• Listed entries:
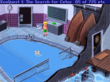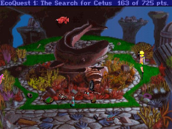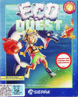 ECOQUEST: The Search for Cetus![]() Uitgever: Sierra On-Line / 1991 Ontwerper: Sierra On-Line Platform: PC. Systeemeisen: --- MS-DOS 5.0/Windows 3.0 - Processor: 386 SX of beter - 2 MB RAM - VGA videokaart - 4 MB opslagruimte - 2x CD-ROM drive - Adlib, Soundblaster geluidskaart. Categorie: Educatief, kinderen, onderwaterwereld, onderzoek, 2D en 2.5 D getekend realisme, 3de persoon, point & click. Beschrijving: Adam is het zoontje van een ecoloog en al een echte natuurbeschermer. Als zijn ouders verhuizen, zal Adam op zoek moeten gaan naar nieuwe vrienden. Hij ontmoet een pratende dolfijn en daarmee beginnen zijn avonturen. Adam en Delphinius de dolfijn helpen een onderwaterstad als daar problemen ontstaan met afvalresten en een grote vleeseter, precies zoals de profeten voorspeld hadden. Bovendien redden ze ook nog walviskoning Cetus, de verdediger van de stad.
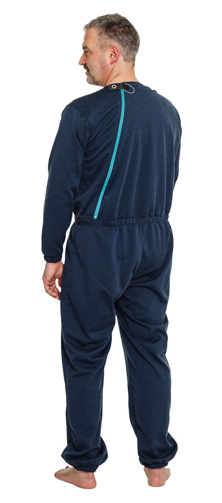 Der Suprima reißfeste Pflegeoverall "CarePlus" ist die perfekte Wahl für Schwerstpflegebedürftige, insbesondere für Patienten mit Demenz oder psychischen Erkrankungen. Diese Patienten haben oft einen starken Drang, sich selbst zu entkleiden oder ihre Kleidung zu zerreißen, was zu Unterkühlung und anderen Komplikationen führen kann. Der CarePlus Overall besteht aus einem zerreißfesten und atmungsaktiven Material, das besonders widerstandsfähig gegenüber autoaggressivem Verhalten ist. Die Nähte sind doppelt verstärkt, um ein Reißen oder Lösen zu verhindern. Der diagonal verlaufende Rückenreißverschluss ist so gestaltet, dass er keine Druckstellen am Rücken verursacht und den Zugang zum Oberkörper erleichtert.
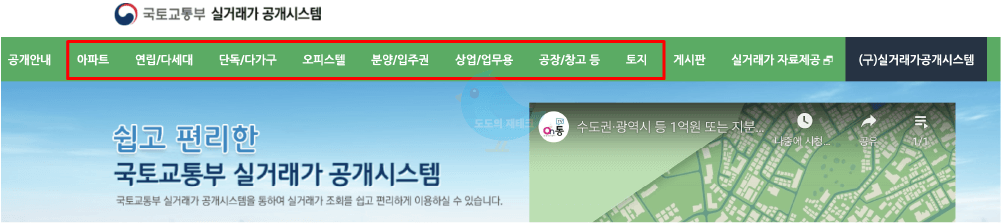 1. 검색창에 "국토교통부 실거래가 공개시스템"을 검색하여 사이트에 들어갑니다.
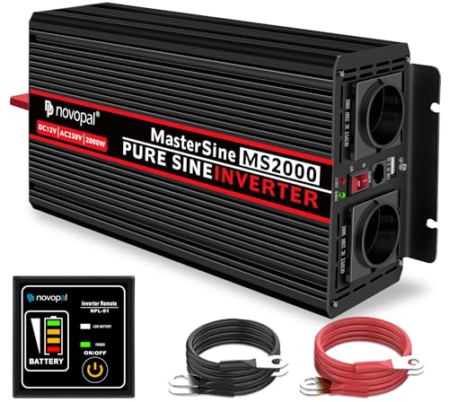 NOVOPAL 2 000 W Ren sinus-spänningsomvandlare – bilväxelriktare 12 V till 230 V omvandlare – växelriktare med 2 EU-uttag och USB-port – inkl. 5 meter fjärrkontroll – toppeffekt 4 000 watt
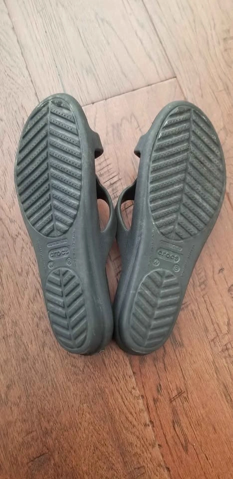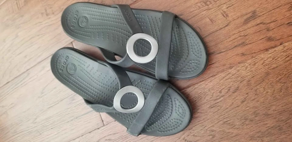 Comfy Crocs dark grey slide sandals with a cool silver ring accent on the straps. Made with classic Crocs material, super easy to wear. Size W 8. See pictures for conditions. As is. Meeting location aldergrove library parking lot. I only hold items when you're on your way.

• Required action:
Write each entry again exactly, minus any images.

• The completed task:
 ECOQUEST: The Search for Cetus![]() Uitgever: Sierra On-Line / 1991 Ontwerper: Sierra On-Line Platform: PC. Systeemeisen: --- MS-DOS 5.0/Windows 3.0 - Processor: 386 SX of beter - 2 MB RAM - VGA videokaart - 4 MB opslagruimte - 2x CD-ROM drive - Adlib, Soundblaster geluidskaart. Categorie: Educatief, kinderen, onderwaterwereld, onderzoek, 2D en 2.5 D getekend realisme, 3de persoon, point & click. Beschrijving: Adam is het zoontje van een ecoloog en al een echte natuurbeschermer. Als zijn ouders verhuizen, zal Adam op zoek moeten gaan naar nieuwe vrienden. Hij ontmoet een pratende dolfijn en daarmee beginnen zijn avonturen. Adam en Delphinius de dolfijn helpen een onderwaterstad als daar problemen ontstaan met afvalresten en een grote vleeseter, precies zoals de profeten voorspeld hadden. Bovendien redden ze ook nog walviskoning Cetus, de verdediger van de stad.
 Der Suprima reißfeste Pflegeoverall "CarePlus" ist die perfekte Wahl für Schwerstpflegebedürftige, insbesondere für Patienten mit Demenz oder psychischen Erkrankungen. Diese Patienten haben oft einen starken Drang, sich selbst zu entkleiden oder ihre Kleidung zu zerreißen, was zu Unterkühlung und anderen Komplikationen führen kann. Der CarePlus Overall besteht aus einem zerreißfesten und atmungsaktiven Material, das besonders widerstandsfähig gegenüber autoaggressivem Verhalten ist. Die Nähte sind doppelt verstärkt, um ein Reißen oder Lösen zu verhindern. Der diagonal verlaufende Rückenreißverschluss ist so gestaltet, dass er keine Druckstellen am Rücken verursacht und den Zugang zum Oberkörper erleichtert.
 1. 검색창에 "국토교통부 실거래가 공개시스템"을 검색하여 사이트에 들어갑니다.
 NOVOPAL 2 000 W Ren sinus-spänningsomvandlare – bilväxelriktare 12 V till 230 V omvandlare – växelriktare med 2 EU-uttag och USB-port – inkl. 5 meter fjärrkontroll – toppeffekt 4 000 watt
 Comfy Crocs dark grey slide sandals with a cool silver ring accent on the straps. Made with classic Crocs material, super easy to wear. Size W 8. See pictures for conditions. As is. Meeting location aldergrove library parking lot. I only hold items when you're on your way.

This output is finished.